Let’s say I fill my keg to the top, then put 35 psi of CO2 on it and shake the keg for a minute or so until it stops accepting gas. What difference would the headspace make?
The beer will continue to absorb CO2 until it has met equilibrium. If you apply 10psi of CO2 to the surface of the beer, it will absorb CO2 until the volume of CO2 in the beer is equal to the applied pressure of CO2 on the surface of the beer.
The rate of dissolution of CO2 in beer depends on:
Temperature and Pressure
Degree of under or over-saturation
Presence of mixing
Interfacial surface area between the CO2 and the beer (the more surface area…the more transfer of gas)
When the partial pressure of the undissolved gas meets the partial pressure of the dissolved gas, equilibrium has been met and the beer is then carbonated. This is all assuming that the correct amount of CO2 pressure at a given temperature has been met.
If you are using the set-and-forget method, the amount of headspace is irrelevant the surface area of the keg (when vertical) is the same whether you have 3 gallons or 5.15 gallons in the keg.
If you are shaking then more headspace will carbonate faster since there will be more surface area as you move the keg from vertical. If you connect and disconnect (with 35 or 40 psi) then more headspace will carbonate faster as there is more volume at 40 psi and the pressure will drop more slowly as the beer absorbs the CO2 trapped in the top of the keg.
My preferred method:
Beer should be chilled to 31-32 deg.
Fill keg to just below IN tube.
If beer comes out of the IN tube while filling then pressurize and draw a pint off.
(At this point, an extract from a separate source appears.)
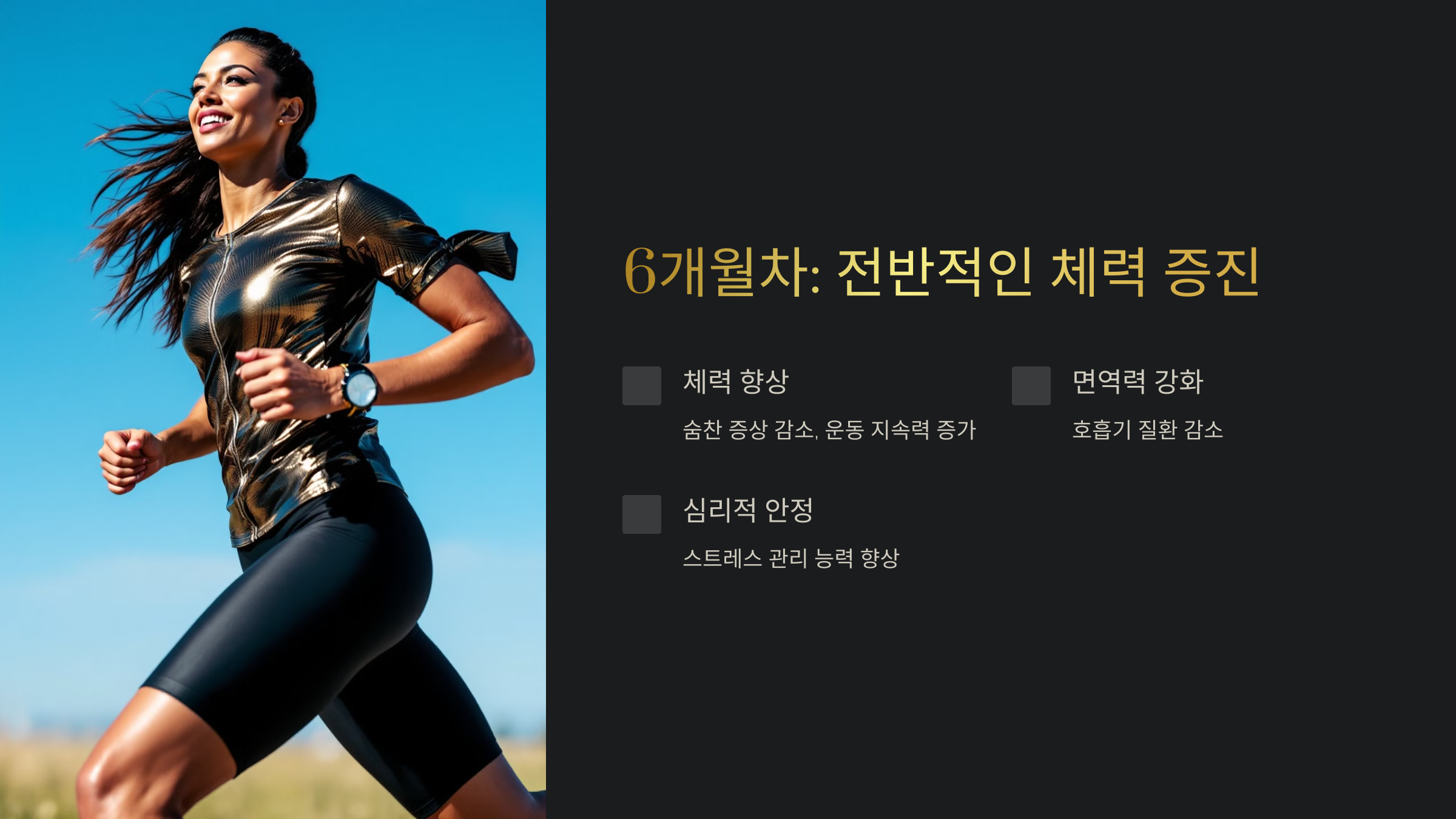 기침, 가래와 같은 증상이 현저히 줄어들고, 폐 기능이 정상 수준으로 회복되기 시작해요. 이 시기에 운동을 병행하면 더 빠른 회복 효과를 기대할 수 있답니다.

Set regulator to 15lbs, connect the gas in tube, shake on side with gas tube toward the floor.
Shake for 3 minutes.
Put back in 31deg cooler for 1/2 hour to allow foam to settle.
Vent keg to 2-3lbs(ish) Put keg in keezer (still at 32 deg) and hook up to gas.
The beer will be drinkable immediately and will reach optimum carbonation in 2-3 days.
Tell you what, try it for yourself. Set aside one keg with 1 in of head space and one with 4 inches and see which one carbonates faster. The more headspace for Co2 to fill the faster it will absorb if you are going with top pressure. This goes for the shake method too, the more headspace the less amount of time you have to shake. If you leave NO headspace the beer won’t carbonate.
My guess is that what you’re seeing is the effect of a smaller volume of beer carbonating faster. In other words, the volume of liquid rather than the volume of the headspace is the critical factor.
The appropriate test would be two different size kegs (a 5 gallon and a 3 gallon or whatever) with the same amount of beer in them. Identical volumes of beer should carbonate at the same rate. At least that’s what makes intuitive sense to me.
As for no headspace, while I’ve not tried it, I have to think it would carbonate eventually if left hooked up to CO2 at constant pressure. However, if it’s completely full the surface area that the gas would be in contact with might be as small as the dip tube.
As to the shake method, no disagreement. There’s more surface area while you are shaking.